The award signals a shift in how Brazil's health system is being asked to reckon with the conditions of those who sustain it. It is a small but significant acknowledgment that the women and students doing this work deserve more than exhaustion and silence.

The research documented frequent reports of moral and sexual harassment, emotional illness from overwork, and structural difficulties faced by SUS workers
— Study findings
Students reported experiencing violence in academic spaces, absence of psychological support, and gender inequality in healthcare training environments
— Research on healthcare students
A Conversa do Hearth Outra perspectiva sobre a história
Inventor

What made this research different from other studies on healthcare worker burnout?

Model

It wasn't just asking people how stressed they were. It looked at specific forms of violence—moral harassment, sexual harassment—and it paid attention to how gender, race, and other identities shaped what people experienced. It was intersectional.

Inventor

And the students—why were they part of this?

Model

Because the violence doesn't start when you get hired.
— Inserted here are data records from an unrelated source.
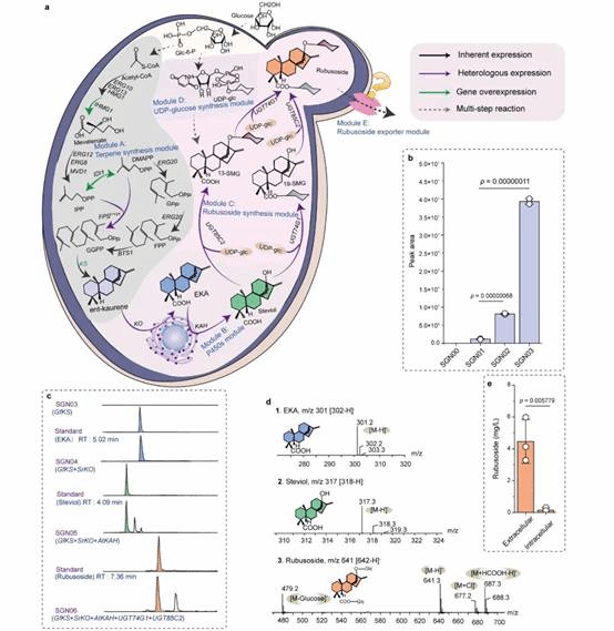 甜菊糖苷是从甜叶菊中提取的一类天然甜味剂,根据其侧链上葡萄糖基位置和个数的不同,可分为甜茶苷、甜菊苷、莱鲍迪苷A、莱鲍迪苷B、莱鲍迪苷C等60余种类型。目前市场上的甜菊糖苷主要来源于植物提取。但植物中甜菊糖苷的丰度低,植物生长具有季节依赖性,且提取过程复杂,这限制了甜菊糖苷的大规模生产。与传统的植物提取法相比,微生物发酵法能够克服以上缺点,有效地提高甜菊糖苷的合成效率。因此,通过构建微生物底盘细胞,以廉价碳源为底物从头合成甜菊糖苷具有重要意义。
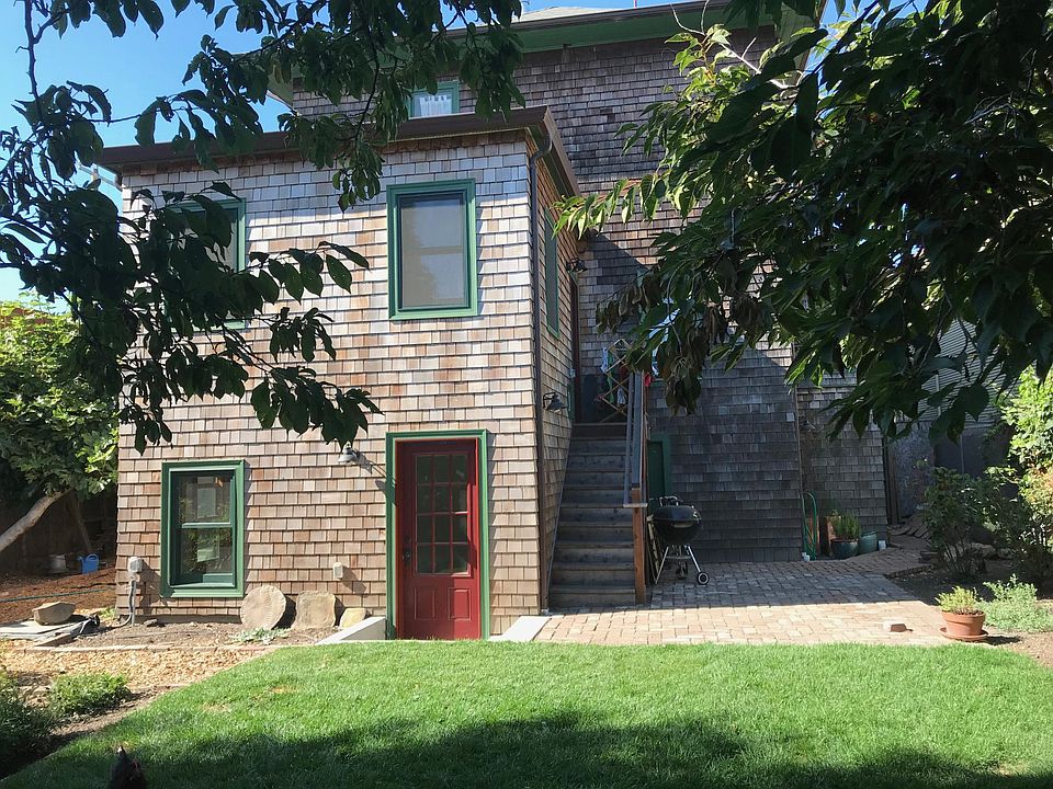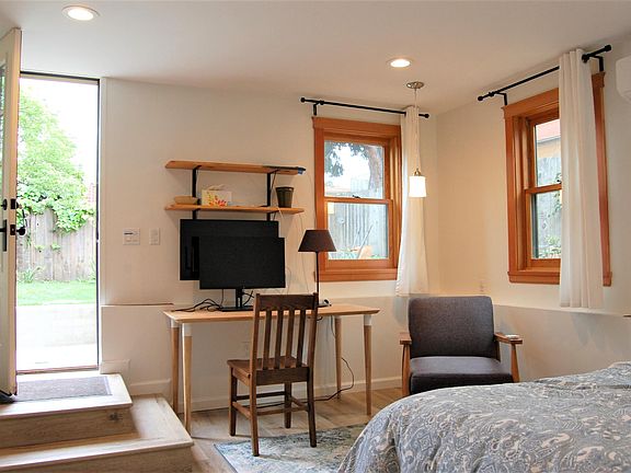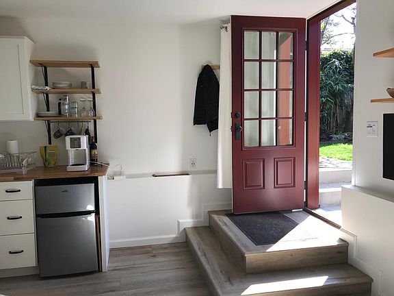 In-law garden studio behind South Berkeley home. Private entrance. Fully furnished. Full size bed, desk/table, kitchenette (countertop oven, microwave, two burners, electric kettle, blender, apt fridge), bathroom/shower, storage/closet space, natural light. Access to garden, large brick patio, basement for washer/dryer and bike storage. Three steps down into apt. Walking distance to public transit (BART, bus), Cal, two city parks (field, basketball, tennis, baseball), Berkeley Bowl grocery store, drug store, bakeries/cafes. Easy freeway access. Utilities included + high-speed wifi, TV. Un-zoned street parking and/or driveway. We have a big friendly dog and two cats. Lease duration negotiable. Month-to-month, 3-month minimum; longer term possible. Two-months notice for departure. $1500/month. Payment of first month+ last month + security deposit upon signing the rental agreement. Un-zoned street parking and/or driveway. No smoking. No pets.
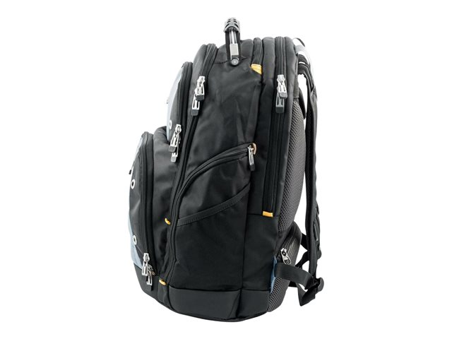 Targus Drifter backpack features a water resistant base, heavy zipper pulls and a reinforced molded grab handle. Heavily padded shoulder straps provide carrying comfort. Thick padding on the back panel features a large hidden zippered compartment which is strategically placed to provide lumbar support for your back.

It starts in school. If you're training to be a healthcare worker in an environment full of machismo and no support, you're already being shaped by the system you're about to enter.

Inventor

So the research was the first step. What came after?

Model

They built interventions. Workshops on non-violent communication, on recognizing and resisting violence. Not just awareness-raising—actual skill-building for people who were living through this.

Inventor

Did the award change anything on the ground?

Model

The award gave visibility and legitimacy to work that was already happening. It says to other institutions: this matters, this is worth doing, this is how you do research that leads somewhere.

Inventor

What's the risk of stopping here?

Model

That the workshops become a band-aid. Real change means the health system itself has to change—how it staffs, how it supports people, how it holds itself accountable for the violence happening inside it.